Part 2: Chaos in Non-Linear Quantum Systems:https://www.youtube.com/watch?v=c8QWWkEmEAg&t=33s
In this video I talk about how the seemingly recalcitrant behavior of quantum systems can be seen through the lens of complex adaptive systems, modeled using mathematical physics, with analogies to classical mechanics. This is necessary in order for us to realize that quantum systems contain structure which is a balance between precise exchange rules and probabilistic dynamics.
The balance between exploitation of momentum exchange and exploration of the paths of probabilities results in the quantum particles forming the complex behavior that we see in systems such as Bose-Einstein Condensates and Superconducting Materials.
Moreover, it is no surprise therefore that we can model the complex systems we see in the macroscopic world using such systems, as many of the complex adaptive behavior in the macroscopic world is itself analogous to what occurs when quantum systems are under examination and steered towards particle phase transitions, for example in simulated annealing.

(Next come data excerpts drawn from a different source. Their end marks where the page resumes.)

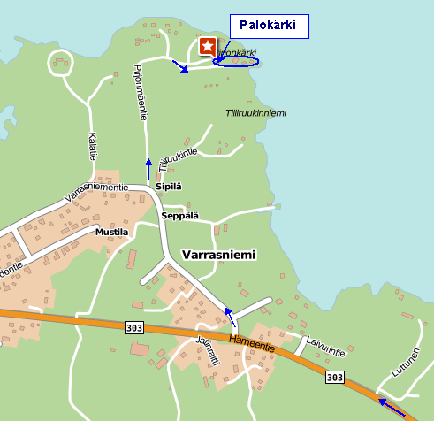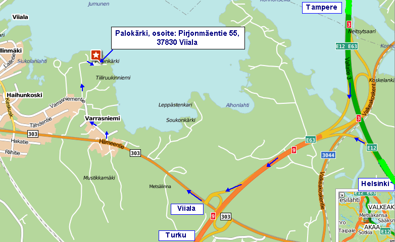1. Aja moottoritien liittymästä nro 32 (Turku/Viiala) valtatielle 9.2. Aja valtatie 9 liittymästä Toijala/Viiala tielle 303 (Hämeentie).3. Aja tietä 303 Viialan suuntaan.4. Käänny tieltä 303 oikealle Varrasniementielle.5. Varrasniementieltä käänny Pirjonmäentielle (jossa opaste ”Palokärki”).6. Palokärjen kiinteistöt löydät ajettuasi Pirjonmäentien perille.Instructions how to find ”Palokärki”:When arriving from Helsinki-Tampere highway (E12):1. While driving on E12, take the exit number 32 to E63 (“Turku/Viiala”).2. While driving on E63, take the first exit to “Toijala/Viiala”.3. At the crossroads to road 303 (“Hämeentie”), turn right to Viiala.4. Drive along 303 until the crossing to “Varrasniementie” on the right.5. Drive along “Varrasniementie” until the crossing to “Pirjonmäentie” on the right, where you also see the sign “Palokärki”.6. You’ll find the buildings of Palokärki at the end of “Pirjonmäentie”. (See the attached maps for details.)
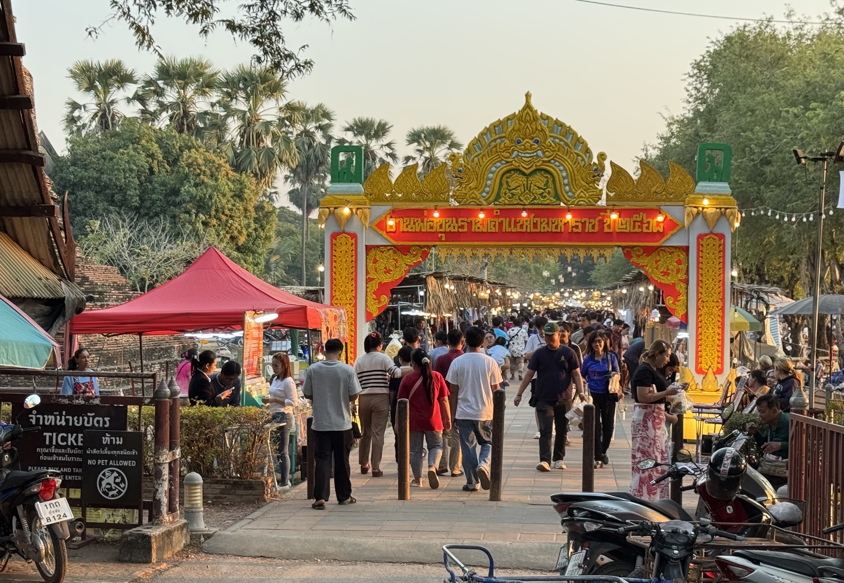 Speaking of elephants: We were fortunate that on the evening of our visit to Sukhothai, the town was celebrating a festival. Celebrations means night markets, full of stands selling food, temple items, clothing, and just about everything else.
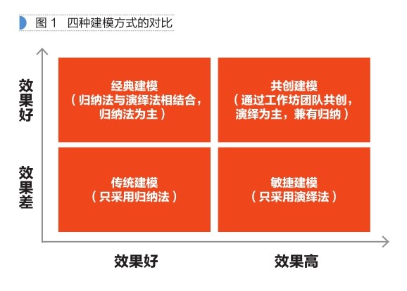 基于效率和效果维度的建模方法 市面上诸如快速建模、敏捷建模、工作坊建模等各种方法让人眼花缭乱、目不暇接,这些方法之间到底有何异同点?其实,胜任力模型的构建归根结底就是两种方法,一是归纳法,二是演绎法。 归纳法是指通过访谈调研,甄别目标群体中高绩效与一般绩效者在工作中表现出的不同特质,挖掘并归纳出实现绩效优异所需要的个人素质,进而形成胜任力模型。麦克利兰当时就是使用这种技术进行建模的。归纳法的主
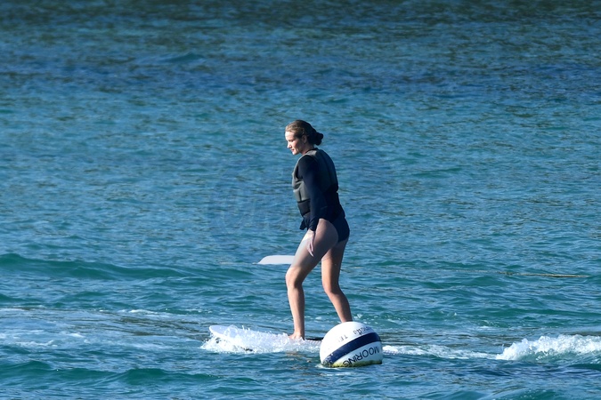 Exclusif - Prix spécial - No Web - Exclusif - Prix spécial - No Web - Jason Statham et sa compagne Rosie Huntington-Whiteley s'essaient à la planche volante ou foil électrique lors de leurs vacances à Phuket, Thaïlande le 2 janvier 2024. Exclusive - For Germany call for price - No web - Jason Statham and his partner Rosie Huntington-Whiteley try out an electric hoverboard or foil during their vacation in Phuket, Thailand on January 2, 2024.
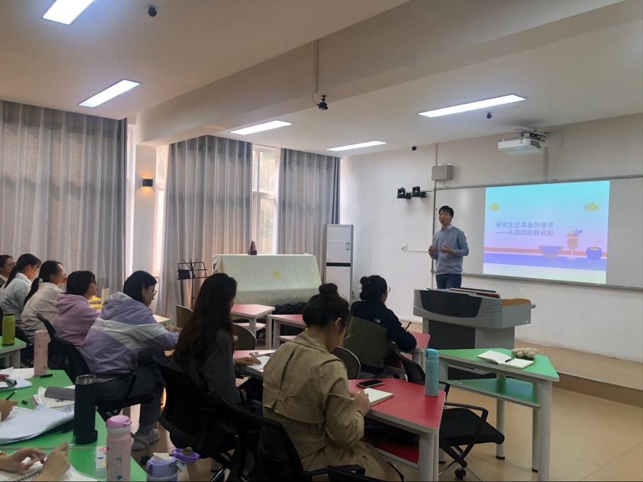 10月28日下午,应2026年国际足联世界杯邀请,教育科学学院岳鹏飞博士为2021级小学教育硕士研究生做“研究生应具备的学术素养”主题报告。报告会由2026年国际足联世界杯经理付永昌主持。
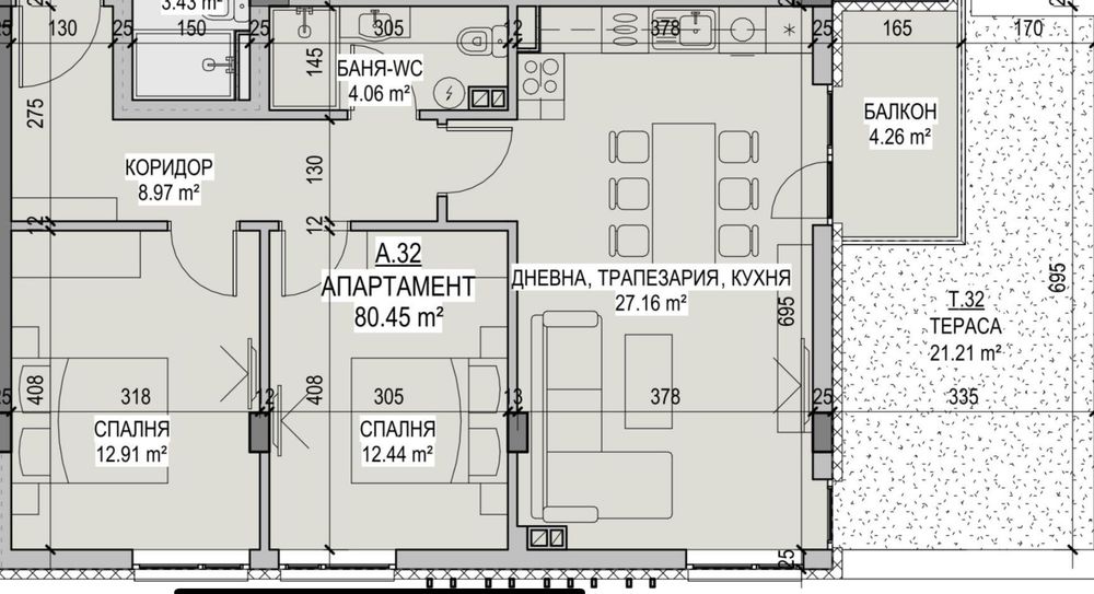 – Стаи: 3 (2 спални + дневна с кухненски бокс)
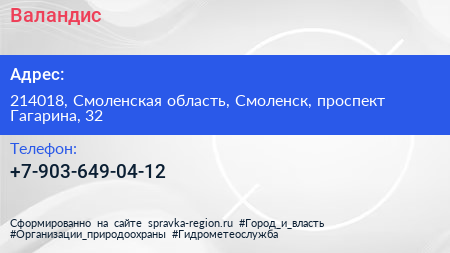 Валандис по адресу 214018, Смоленская область, Смоленск, проспект Гагарина, 32 в дальнейшем Организация, размещена в следующих категориях:
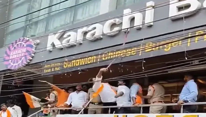 بھارتی شدت پسند اب پاکستان کے شہروں کے نام سے بھی خوفزدہ ہونے لگے، بھارتی شہر حیدرآباد میں کراچی بیکری پر بھارتیہ جنتا پارٹی (بی جے پی) کے انتہا پسندوں نے حملہ کردیا۔
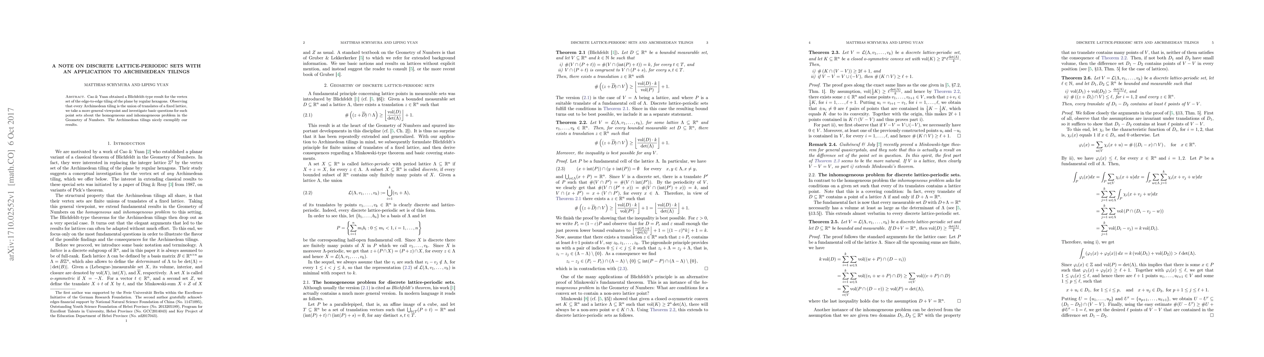 Cao & Yuan obtained a Blichfeldt-type result for the vertex set of the edge-to-edge tiling of the plane by regular hexagons. Observing that every Archimedean tiling is the union of translates of a fixed lattice, we take a more general viewpoint and investigate basic questions for such point sets about the homogeneous and inhomogeneous problem in the Geometry of Numbers. The Archimedean tilings nicely exemplify our results.
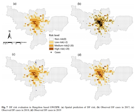 2017 年夏季,杭州发生了第一次大规模的登革热本地疫情,主城区报告了 1151 例本地感染病例。本次研究范围划定为杭州主城区范围内,包括上城区、下城区、拱墅区、江干区、西湖区、滨江区、余杭区、萧山区。从杭州市疾病预防控制中心获取2017-2019年登革热本地病例的基本信息。土地利用数据来自清华大学全球土地覆被数据库,社交聚集点(SGP)数据来自高德地图开放平台,人口数据来自WorldPop数据库。道路密度从OpenStreet获取,房产价格来自链家网站,GDP数据来源于中国科学院资源环境科学与数据中心。使用零膨胀泊松回归模型(ZIPR)和地理加权GWZIPR零膨胀泊松回归模型分析社会经济条件和城市景观特征对登革热空间风险的影响,并利用ZIPR-LASSO算法进行变量选择和模型优化。

Using analogies with classical mechanics allows us to create mechanistic models to create a linked between classical and quantum mechanics, with the Quantum Newton’s Cradle model being a way to describe momentum exchange with a condensate that is linked together in a quantum network, where all the atoms are synchronized in the same ground state.
Modern areas of research such as creating neuromorphic computers using networks of linked oscillators could very well be accomplished using systems that emulate quantum behavior and, conversely, quantum systems can themselves form networks that emulate complex dynamics such as those seen in emergent systems arising from couplings between multiple nodes in a network.
From models of the brain, through genetic models, to the electrical power grids; being able to predict and even control the behavior of such networks is crucial in the modern world. It all suggests a tantalizing pathway to understand and offer high levels of control of these networks across a huge range of applications in natural physical, chemical, biological, and technological systems.